🤖 AI Summary
Unsupervised or semi-supervised disentanglement and interpretation of generative factors in high-dimensional scientific data remain challenging. Method: We propose Aux-VAE, a variational autoencoder architecture that incorporates auxiliary variables—such as physical parameters—to guide statistical disentanglement in the latent space. Without substantially modifying the standard VAE objective, Aux-VAE aligns latent variables with auxiliary information via its encoder-decoder structure, thereby effectively injecting domain-specific priors to enhance both disentanglement and interpretability. Contribution/Results: Experiments on multi-source scientific datasets—including astrophysical simulations—demonstrate that Aux-VAE significantly outperforms baseline models across key metrics: disentanglement quality (e.g., MIG, SAP), generalization to downstream tasks, and physical mechanism interpretability. Aux-VAE establishes a new generative modeling paradigm for scientific discovery, balancing statistical rigor with domain adaptability.
📝 Abstract
This study addresses the challenge of statistically extracting generative factors from complex, high-dimensional datasets in unsupervised or semi-supervised settings.
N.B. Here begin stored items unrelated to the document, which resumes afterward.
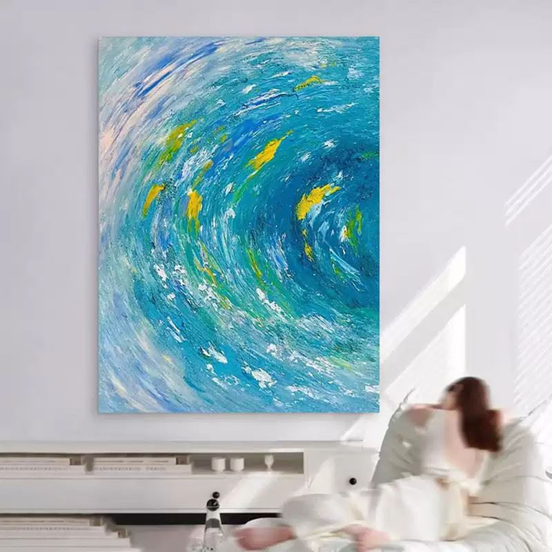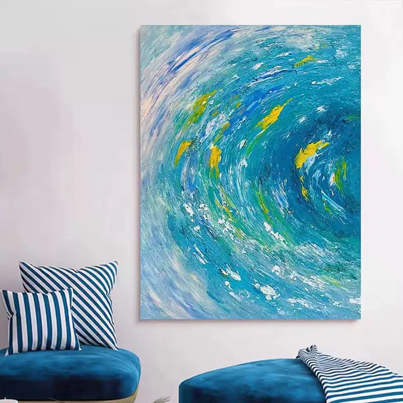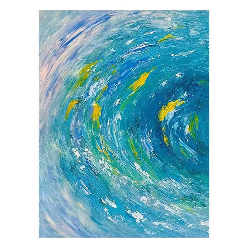 Blues and golds surge in a sweeping vortex, as if light itself were leading a silent, secret journey. Dimensions: 24 x 31 inches.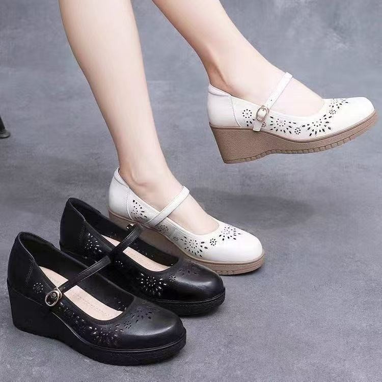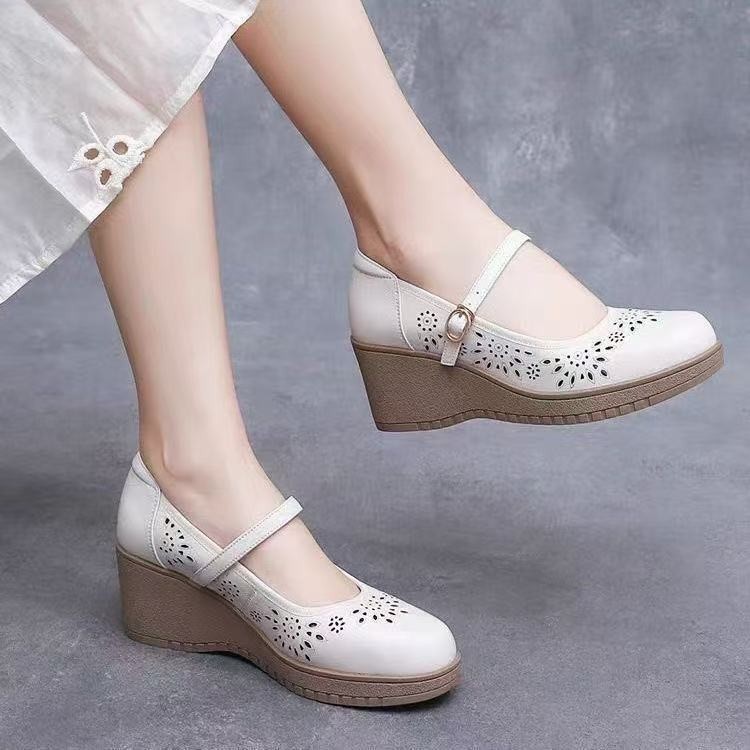대외 무역 도매 웨지 힐 로퍼 패션 복고풍 중공 샌들 2025 여름 새 스타일 엄마 신발스토어 가기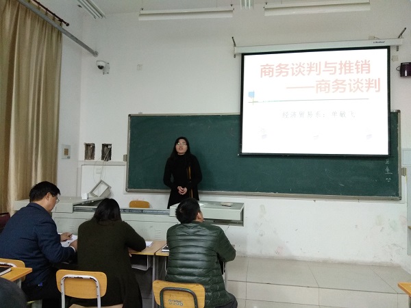 为进一步提高教学质量,完善教学方法,2017年12月26日下午,经贸系在笃行楼A107教室举办教案评比大赛,评比活动由系办公室主任张桂芳老师主持,评委由教务处副处长金艳老师,基础部主任王洪林老师,计算机办公室主任崔炳德老师,经贸系主任芮红老师担任。经贸系全体教师观摩比赛。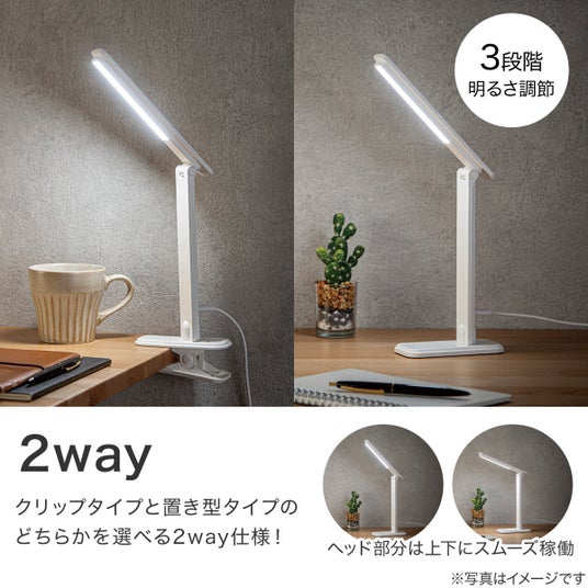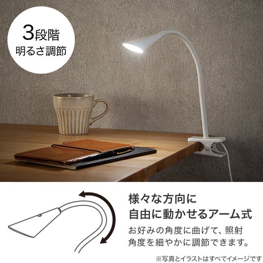 自由に動かせるアーム式。クリップタイプだからデスク以外の場所でも使いやすい。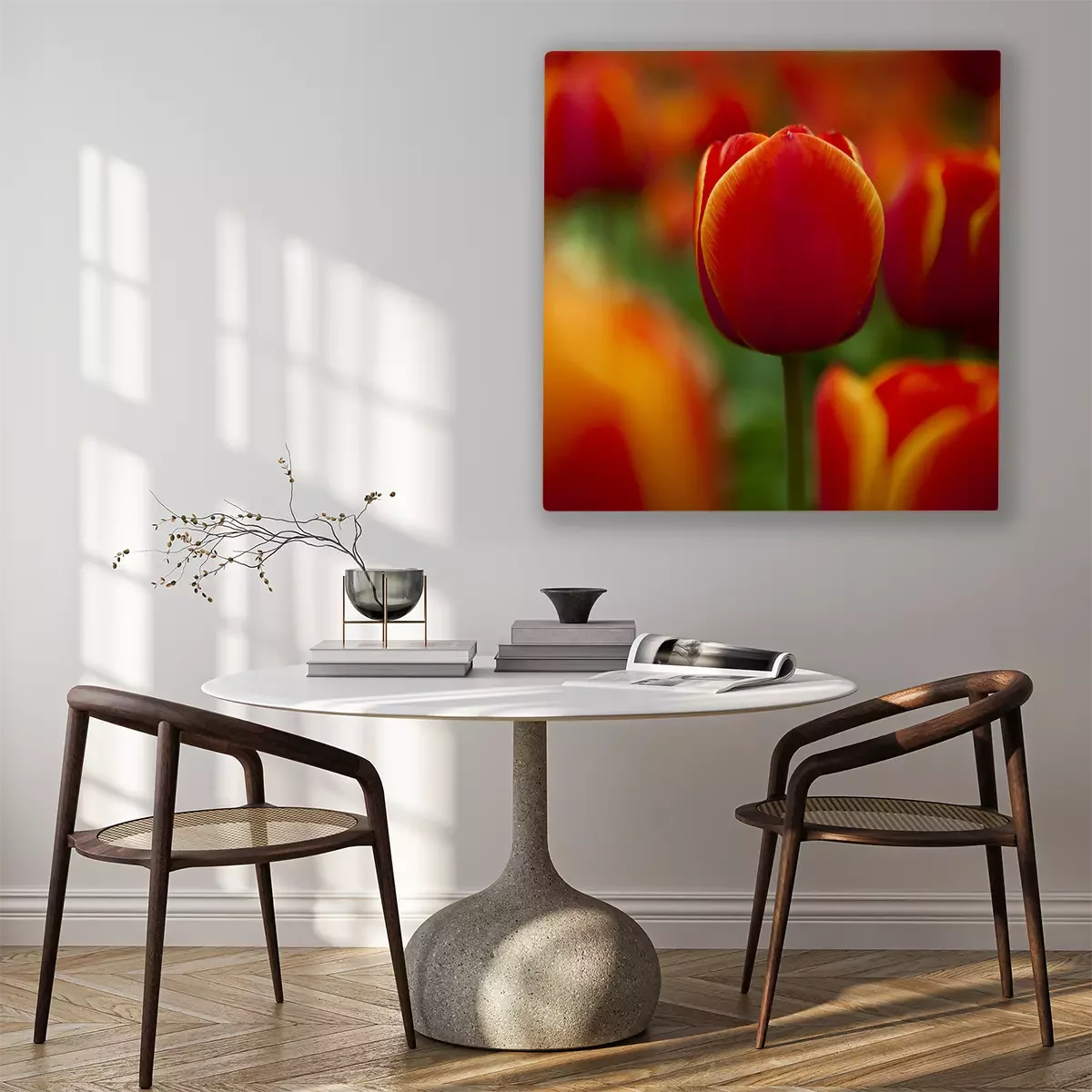 De print wordt aangebracht op hoogwaardig canvas dat op een schildersweefgetouw (spieraam) wordt gespannen. Omdat de print de zijranden bedekt, hoeft het ontwerp niet met een extra kader te worden omlijst. Wij raden ook composities aan die uit meerdere foto's bestaan en zo een coherente compositie vormen.

We investigate encoder-decoder-based generative models for nonlinear dimensionality reduction, focusing on disentangling low-dimensional latent variables corresponding to independent physical factors. Introducing Aux-VAE, a novel architecture within the classical Variational Autoencoder framework, we achieve disentanglement with minimal modifications to the standard VAE loss function by leveraging prior statistical knowledge through auxiliary variables. These variables guide the shaping of the latent space by aligning latent factors with learned auxiliary variables. We validate the efficacy of Aux-VAE through comparative assessments on multiple datasets, including astronomical simulations.